Ecco, nel futuro, non so se i grandi network sapranno mantenere questa capacità. Di certo il singolo dovrà sapere bene gli argomenti cruciali, quali ambiente e tecnologia, mentre le redazioni dovranno essere più varie per genere e per nazionalità. Se si iniziasse già ora a essere multicolore e multiforma, si saprebbe rendere meglio quel che il pubblico ricerca.

Raffaele Castagno
Mi riaggancio alla risposta, in quanto accennavi a questi nuovi media. Joshua Benton, il fondatore del Nieman Journalism Lab della Harvard University, sostiene che il successo delle newsletter dipenda in gran parte dal fatto che offrono agli iscritti qualcosa che vale la pena di essere letto. Assistiamo al ritorno di un potere della curatela, che con l’onda dei social si era smarrito. Ora ti chiedo: questi fenomeni, podcast e newsletter, come li vedi? Si tratta a tuo avviso di qualcosa che è destinato ad avere un successo economico? E per quanto concerne l’idea del giornalista indipendente, editore, cosa ne pensi?

Nicola Ghittoni
Sul successo di questi strumenti non c’è dubbio: ci sono e saranno sempre persone che hanno voglia, bisogno e motivazione di leggere contenuti di qualità. Il rischio però è che si tratte di tante nicchie. Tu hai giustamente aggiunto la parola “economico”. Nel campo si trovano lavori molto ben fatti, che purtroppo non riescono ancora a sopravvivere. Non so darti una risposta precisa, perché io ho personalmente la fortuna di avere una “cuccia” che mi protegge. Ti faccio un esempio: prima di tornare alla rassegna stampa ho realizzato, per mia iniziativa personale, il primo podcast della storia di Sky TG24. Un giorno, nel 2019, mi presentai da De Bellis e gli proposi: “Quest’anno sono i trent’anni della caduta del muro di Berlino. Vogliamo tentare di pubblicare un podcast su Sky TG24. Me ne occupo interamente io e vediamo come va”. Partì il progetto con la collaborazione del Sole 24 Ore. Onestamente, mi divertiva molto! Era un racconto che univa due mie passioni: la storia e la musica: ripercorrevo la storia del Muro di Berlino attraverso gli artisti, le canzoni e i concerti che avevano accompagnato la sua epopea e che avevano dato un contributo concreto alla sua caduta. Dopo il primo lavoro ci ho preso gusto, e sempre con lo stesso schema — i grandi eventi storico/politici raccontati attraverso le canzoni simbolo — ho realizzato “Ghit Parade”, una serie di otto podcast con argomenti che spaziavano dal Black Lives Matter al G8 di Genova, dal golpe militare in Argentina all’assedio di Sarajevo. Io ne ero e ne sono tutt’ora molto soddisfatto, ma diffusione, ascolti e riscontri sono stati miseri (in buona parte era dovuto a un problema di diritti delle canzoni che arricchivano le puntate: non era possibile caricarle sulle piattaforme dei podcast né consentirne il download, di potevano ascoltarle solo in streaming sul sito di SkyTg24). Perché ti dico questo? Perché alla fine si è trattato di un vanity project, un’intenzione che mi appassionava e che è stata possibile solo perché la realizzavo fuori dall’orario di lavoro, senza alcun aggravio sui turni del Tg. Se però il podcast avesse dovuto camminare sulle sue gambe, non sarebbe stato economicamente in piedi.

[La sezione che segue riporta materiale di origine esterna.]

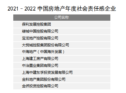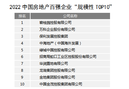 中國房地產TOP10研究組在百強企業研究的基礎上,基于對企業規模性、盈利性、成長性等方面的深入研究,評價產生了2022中國房地產百強企業“綜合實力TOP10”、“規模性TOP10”、“盈利性TOP10”、“成長性TOP10”、“穩健性TOP10”、“融資能力TOP10”、“運營效率TOP10”、“年度社會責任感企業”和“年度扶貧標桿企業”。

Tanti sono i piani che senza editore non spiccano il volo. Io sono un consumatore compulsivo di podcast, ma non so se quelli come me bastano per tenerli in vita. Ai giornali piace scrivere a riguardo, abbiamo questo vizio un po’ superficiale di definire tutto “una tendenza” o “una moda” (forse per giustificare il fatto che gli abbiamo dedicato una pagina). Al momento, però, non mi risulta che sia particolarmente redditizio. E sinceramente non so quale sia la formula per farlo diventare tale. È per questo che consiglio ai ragazzi di diventare molto forti su qualcosa. Qualcuno li nota e li coinvolge, un editore con le spalle larghe magari: questo avrà piacere di aggiungere alla propria offerta un contenuto di qualità, e l’autore avrà la speranza di campare facendo ciò che gli piace.

Chiara Camporese
Mi piacerebbe avere delle sue riflessioni riguardo l’equidistanza. In che modo essa è considerata un’opinione? Perché prendere una posizione equidistante può influenzare chi legge?

Nicola Ghittoni
L’equidistanza. Sarei tentato di dirti che è impossibile averla in natura. Tutti i giorni ho il dovere di cercare di essere corretto e rispettoso dei punti di vista altrui. C’è tuttavia un fattore da considerare: il tempo. Occorre fare delle scelte, decidere cosa tenere e cosa escludere. Un altro fattore inestirpabile è la nostra testa: il modo in cui scegliamo e presentiamo le notizie è frutto delle nostre esperienze e sensibilità personali. Da questo punto di vista, negli ultimi mesi chi come me si occupa di rassegne stampa sta facendo grande fatica. Il tema del Medio Oriente è difficilissimo da affrontare tenendo insieme le sensibilità. Come rendere una narrazione simile con equidistanza? D’altronde, se non fosse la tematica più complessa del nostro tempo, non ci troveremmo in questa situazione. Personalmente, tendo a cavarmela ingrandendo lo zoom per raccontare storie umane, testimonianze della gente che dai due fronti sta vivendo il disastro in prima persona.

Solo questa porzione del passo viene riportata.